Remembering those days helps me keep my perspective of what is going on in my life now.  I have been doing, and completed Neuropathy therapy, two days a week since last February 2014. I was also doing Lymphedema physical therapy two, sometimes three days a week.  Plus I still see my Dr. and Surgeons once a month, sometimes more, and I have 3 of those!  I had a third surgery last March 25, 2014, and it was so much easier, still painful, but NOTHING like the first two.  This one I was able to get out of the house for dinner just three days later, not six weeks later, and I was able to drive, but my lifting of course was very restricted for six weeks.

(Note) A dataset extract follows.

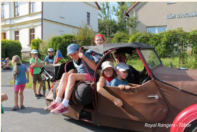
Royal Rangers - Tábor

So here I am a year and a half after being diagnosed, and going through treatment, and realizing my life has changed drastically and I am still working on my mind set.  I get tired and worn out  easily, I have had the flu five times since January. I never get the flu!  I have damage to joints and muscles from the chemo, radiation, and the meds I have to take.  I have a problem with my hip that sometimes makes it hard to walk, and stand, that one we are still trying to figure out, but it started just before chemo ended.  My upper body strength is not even close to what it used to be, and I am starting to get used to the fact that some of the 20 lbs I have put on through this is probably going to stay, so now I am trying to figure out how to at least tone it!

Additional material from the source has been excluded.